TiKV shows a large number of zombie connections in netstat

translator_bot · June 20, 2024, 1:49pm

Note:
This topic has been translated from a Chinese forum by GPT and might contain errors.

Original topic: tikv查看netstat存在大量僵尸连接

| username: TiDBer_fancy

[TiDB Usage Environment] Production Environment / Testing / PoC
[TiDB Version]
[Reproduction Path] Execute netstat -nop | grep -i “tikv-serv”
[Encountered Problem: Problem Phenomenon and Impact]

When executing netstat -nop | grep -i “tikv-serv”, many IP hosts that have already gone offline still show the connection status as ESTABLISHED.
The system has already set
net.ipv4.tcp_keepalive_time=60
net.ipv4.tcp_keepalive_intvl=5
net.ipv4.tcp_keepalive_probes=3
However, TiKV has not enabled the tcp_keepalive function, so connections cannot be reclaimed.

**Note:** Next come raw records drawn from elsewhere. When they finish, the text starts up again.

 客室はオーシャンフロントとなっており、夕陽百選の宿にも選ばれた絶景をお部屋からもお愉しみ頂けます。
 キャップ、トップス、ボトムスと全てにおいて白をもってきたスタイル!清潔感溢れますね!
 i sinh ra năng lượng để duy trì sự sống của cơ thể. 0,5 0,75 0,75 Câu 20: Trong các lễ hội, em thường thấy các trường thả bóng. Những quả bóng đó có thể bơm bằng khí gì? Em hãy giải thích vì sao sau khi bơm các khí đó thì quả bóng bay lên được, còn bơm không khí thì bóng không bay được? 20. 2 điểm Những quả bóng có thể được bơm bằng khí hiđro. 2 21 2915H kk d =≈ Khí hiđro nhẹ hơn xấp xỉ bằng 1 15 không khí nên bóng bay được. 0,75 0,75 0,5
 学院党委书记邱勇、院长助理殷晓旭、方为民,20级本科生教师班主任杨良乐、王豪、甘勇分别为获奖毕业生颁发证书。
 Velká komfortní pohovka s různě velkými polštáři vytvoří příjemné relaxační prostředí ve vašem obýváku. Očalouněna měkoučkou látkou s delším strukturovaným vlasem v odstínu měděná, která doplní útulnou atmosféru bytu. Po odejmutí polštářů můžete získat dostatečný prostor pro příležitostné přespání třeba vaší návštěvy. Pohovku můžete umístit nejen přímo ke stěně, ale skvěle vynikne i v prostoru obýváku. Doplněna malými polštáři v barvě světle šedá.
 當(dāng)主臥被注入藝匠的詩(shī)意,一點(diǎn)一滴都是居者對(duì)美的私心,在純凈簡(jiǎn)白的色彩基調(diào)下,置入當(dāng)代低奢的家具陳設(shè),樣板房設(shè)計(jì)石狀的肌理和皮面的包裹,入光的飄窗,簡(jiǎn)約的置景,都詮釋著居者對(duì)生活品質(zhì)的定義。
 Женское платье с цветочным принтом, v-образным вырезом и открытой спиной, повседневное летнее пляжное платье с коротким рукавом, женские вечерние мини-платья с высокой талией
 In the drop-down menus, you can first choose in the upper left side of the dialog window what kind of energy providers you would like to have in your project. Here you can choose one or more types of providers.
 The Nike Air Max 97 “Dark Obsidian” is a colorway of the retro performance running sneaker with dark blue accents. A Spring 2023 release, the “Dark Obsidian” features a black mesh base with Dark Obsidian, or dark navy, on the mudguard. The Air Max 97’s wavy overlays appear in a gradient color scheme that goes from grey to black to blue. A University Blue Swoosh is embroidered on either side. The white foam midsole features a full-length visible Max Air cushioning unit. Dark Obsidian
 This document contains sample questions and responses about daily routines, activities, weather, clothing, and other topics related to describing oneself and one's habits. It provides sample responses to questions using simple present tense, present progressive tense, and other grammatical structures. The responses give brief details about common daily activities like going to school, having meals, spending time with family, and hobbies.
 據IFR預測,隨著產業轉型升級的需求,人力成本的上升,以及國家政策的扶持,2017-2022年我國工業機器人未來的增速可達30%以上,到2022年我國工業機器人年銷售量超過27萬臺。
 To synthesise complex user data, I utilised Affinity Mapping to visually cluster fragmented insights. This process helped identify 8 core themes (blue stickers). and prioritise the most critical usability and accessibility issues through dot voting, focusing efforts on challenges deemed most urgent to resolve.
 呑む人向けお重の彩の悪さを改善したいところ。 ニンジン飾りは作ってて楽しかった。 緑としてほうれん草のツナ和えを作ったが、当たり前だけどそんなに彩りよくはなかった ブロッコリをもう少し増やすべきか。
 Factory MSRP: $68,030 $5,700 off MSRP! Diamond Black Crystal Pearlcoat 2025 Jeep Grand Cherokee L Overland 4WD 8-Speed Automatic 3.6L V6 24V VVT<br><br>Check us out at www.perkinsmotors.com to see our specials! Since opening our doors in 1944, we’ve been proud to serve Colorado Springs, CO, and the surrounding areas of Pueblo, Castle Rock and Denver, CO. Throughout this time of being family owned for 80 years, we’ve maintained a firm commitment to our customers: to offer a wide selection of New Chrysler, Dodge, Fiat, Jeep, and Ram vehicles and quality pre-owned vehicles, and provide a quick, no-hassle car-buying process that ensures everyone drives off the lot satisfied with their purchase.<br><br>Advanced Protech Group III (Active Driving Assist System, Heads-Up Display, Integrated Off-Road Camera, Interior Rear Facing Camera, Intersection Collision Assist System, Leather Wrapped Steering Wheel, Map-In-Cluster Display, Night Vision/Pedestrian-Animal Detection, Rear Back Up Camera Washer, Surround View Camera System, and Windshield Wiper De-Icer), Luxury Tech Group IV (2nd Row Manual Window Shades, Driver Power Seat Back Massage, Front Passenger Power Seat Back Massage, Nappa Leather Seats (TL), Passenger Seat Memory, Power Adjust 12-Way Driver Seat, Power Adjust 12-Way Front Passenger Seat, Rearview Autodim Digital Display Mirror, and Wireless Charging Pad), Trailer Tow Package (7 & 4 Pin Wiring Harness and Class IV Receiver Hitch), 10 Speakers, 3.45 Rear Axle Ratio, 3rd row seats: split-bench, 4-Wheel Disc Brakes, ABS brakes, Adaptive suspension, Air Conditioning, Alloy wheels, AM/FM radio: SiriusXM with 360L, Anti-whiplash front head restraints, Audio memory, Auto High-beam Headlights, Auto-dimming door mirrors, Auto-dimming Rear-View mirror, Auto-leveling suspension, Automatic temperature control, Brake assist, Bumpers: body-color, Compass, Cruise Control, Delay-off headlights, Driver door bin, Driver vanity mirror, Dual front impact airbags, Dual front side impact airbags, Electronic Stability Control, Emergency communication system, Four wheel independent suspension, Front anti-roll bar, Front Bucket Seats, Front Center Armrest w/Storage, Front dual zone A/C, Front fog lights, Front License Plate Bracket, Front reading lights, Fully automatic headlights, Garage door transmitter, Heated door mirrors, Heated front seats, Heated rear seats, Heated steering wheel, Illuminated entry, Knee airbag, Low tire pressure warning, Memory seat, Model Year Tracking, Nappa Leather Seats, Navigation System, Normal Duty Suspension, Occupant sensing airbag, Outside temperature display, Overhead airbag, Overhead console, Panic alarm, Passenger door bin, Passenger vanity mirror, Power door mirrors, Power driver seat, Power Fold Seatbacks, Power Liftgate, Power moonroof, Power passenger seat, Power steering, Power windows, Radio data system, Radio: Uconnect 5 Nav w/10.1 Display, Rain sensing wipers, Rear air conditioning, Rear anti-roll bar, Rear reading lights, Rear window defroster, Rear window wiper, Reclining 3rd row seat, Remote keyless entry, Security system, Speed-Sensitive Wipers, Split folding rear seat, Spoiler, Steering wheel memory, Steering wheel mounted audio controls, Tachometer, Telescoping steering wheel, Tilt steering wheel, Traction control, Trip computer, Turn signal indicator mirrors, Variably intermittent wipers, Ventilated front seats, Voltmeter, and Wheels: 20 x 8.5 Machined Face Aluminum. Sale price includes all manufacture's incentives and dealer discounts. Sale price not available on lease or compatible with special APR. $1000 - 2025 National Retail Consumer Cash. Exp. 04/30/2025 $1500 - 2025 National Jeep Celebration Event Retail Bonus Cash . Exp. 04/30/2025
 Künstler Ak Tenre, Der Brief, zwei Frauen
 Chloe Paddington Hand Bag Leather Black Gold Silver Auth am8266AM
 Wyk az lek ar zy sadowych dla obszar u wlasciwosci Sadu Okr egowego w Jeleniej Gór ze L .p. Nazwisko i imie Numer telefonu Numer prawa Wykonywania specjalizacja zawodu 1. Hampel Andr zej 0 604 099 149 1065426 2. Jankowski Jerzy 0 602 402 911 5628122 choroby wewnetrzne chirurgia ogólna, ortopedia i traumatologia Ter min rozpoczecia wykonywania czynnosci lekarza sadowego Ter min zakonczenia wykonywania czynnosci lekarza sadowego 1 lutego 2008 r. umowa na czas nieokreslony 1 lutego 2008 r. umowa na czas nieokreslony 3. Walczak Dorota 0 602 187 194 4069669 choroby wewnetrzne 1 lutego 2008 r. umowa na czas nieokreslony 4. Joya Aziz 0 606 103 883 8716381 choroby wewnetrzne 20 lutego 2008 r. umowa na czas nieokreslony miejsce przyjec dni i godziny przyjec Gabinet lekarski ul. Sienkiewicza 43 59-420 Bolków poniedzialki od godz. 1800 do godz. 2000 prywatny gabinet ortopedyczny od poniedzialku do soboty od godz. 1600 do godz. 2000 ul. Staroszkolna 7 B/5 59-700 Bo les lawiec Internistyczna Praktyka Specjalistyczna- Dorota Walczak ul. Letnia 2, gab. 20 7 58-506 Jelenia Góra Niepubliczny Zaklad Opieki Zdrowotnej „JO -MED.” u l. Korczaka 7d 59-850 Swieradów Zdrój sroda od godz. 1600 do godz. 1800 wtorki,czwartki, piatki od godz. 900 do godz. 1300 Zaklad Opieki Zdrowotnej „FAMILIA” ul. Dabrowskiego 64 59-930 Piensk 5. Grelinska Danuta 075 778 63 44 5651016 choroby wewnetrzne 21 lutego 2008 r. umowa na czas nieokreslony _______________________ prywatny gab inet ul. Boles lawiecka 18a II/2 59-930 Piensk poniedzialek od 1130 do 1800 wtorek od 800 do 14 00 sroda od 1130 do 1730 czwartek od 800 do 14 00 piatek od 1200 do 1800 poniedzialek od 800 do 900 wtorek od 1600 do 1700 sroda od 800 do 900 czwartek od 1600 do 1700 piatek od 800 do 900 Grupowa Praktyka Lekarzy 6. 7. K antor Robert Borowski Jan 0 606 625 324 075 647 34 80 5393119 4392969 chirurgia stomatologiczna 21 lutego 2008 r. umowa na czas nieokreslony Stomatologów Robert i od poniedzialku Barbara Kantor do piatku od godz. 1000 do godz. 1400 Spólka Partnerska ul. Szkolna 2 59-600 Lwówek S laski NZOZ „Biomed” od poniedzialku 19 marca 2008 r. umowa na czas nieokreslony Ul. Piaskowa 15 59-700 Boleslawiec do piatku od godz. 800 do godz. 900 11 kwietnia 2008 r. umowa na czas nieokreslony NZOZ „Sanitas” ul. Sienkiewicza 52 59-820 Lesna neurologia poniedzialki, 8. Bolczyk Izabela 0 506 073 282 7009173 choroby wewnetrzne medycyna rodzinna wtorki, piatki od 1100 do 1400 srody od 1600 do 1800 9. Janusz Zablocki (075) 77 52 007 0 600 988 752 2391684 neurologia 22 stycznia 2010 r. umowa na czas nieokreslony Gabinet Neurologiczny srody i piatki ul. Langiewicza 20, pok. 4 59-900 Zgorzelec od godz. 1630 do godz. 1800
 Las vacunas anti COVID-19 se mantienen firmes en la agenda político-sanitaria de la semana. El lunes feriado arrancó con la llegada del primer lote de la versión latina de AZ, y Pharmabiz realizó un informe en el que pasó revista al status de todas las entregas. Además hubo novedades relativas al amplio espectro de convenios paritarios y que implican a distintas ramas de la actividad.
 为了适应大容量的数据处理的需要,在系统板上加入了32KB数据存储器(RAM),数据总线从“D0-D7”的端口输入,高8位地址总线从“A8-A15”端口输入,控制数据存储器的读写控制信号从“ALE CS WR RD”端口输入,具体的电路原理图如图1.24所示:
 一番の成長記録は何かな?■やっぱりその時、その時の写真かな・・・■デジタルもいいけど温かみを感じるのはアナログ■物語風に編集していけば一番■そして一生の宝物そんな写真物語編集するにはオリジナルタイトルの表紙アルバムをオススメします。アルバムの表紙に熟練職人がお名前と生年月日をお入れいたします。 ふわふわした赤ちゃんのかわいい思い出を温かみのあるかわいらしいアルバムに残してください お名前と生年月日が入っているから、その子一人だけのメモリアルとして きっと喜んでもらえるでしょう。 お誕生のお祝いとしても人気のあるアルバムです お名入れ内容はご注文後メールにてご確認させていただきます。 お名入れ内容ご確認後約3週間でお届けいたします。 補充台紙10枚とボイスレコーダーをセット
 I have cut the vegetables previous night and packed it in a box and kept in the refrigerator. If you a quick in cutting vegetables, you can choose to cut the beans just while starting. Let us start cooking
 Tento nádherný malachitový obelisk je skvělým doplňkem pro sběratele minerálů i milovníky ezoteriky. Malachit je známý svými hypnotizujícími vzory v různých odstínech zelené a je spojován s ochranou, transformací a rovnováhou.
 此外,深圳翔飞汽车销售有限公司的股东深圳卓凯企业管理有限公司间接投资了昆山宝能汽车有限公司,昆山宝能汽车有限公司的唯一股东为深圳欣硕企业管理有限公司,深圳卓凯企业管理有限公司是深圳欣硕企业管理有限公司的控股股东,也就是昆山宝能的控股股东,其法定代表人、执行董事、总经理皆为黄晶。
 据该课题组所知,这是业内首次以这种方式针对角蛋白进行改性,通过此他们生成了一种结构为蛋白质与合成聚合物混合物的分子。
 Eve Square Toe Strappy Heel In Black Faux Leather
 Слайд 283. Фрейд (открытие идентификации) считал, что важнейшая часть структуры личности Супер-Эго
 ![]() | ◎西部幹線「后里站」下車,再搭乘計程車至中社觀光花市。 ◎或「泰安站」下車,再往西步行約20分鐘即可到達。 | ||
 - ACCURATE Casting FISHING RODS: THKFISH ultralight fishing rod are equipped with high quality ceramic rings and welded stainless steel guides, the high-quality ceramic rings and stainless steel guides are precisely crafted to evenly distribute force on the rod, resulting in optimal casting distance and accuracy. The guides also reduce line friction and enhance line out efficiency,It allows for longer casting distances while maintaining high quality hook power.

How can TiKV enable the tcp_keepalive function?
How can these connections be closed or reclaimed? (Preferably without restarting or affecting the business)

translator_bot · June 20, 2024, 1:49pm

| username: zhaokede | Original post link

Determine the parent process of the zombie process. In the output of the ps command, the PPID (Parent Process ID) column shows the parent process ID of each process.
Analyze the behavior of the parent process. Why hasn’t it reclaimed its child process’s resources? It could be because the parent process is waiting for certain conditions to reclaim the resources, or the parent process itself has crashed or is hung.

translator_bot · June 20, 2024, 1:49pm

| username: xfworld | Original post link

In what scenarios would this be used? Is it an application mode for bare TiKV? But the client side has a connection recycling mechanism, could it be caused by forced closure?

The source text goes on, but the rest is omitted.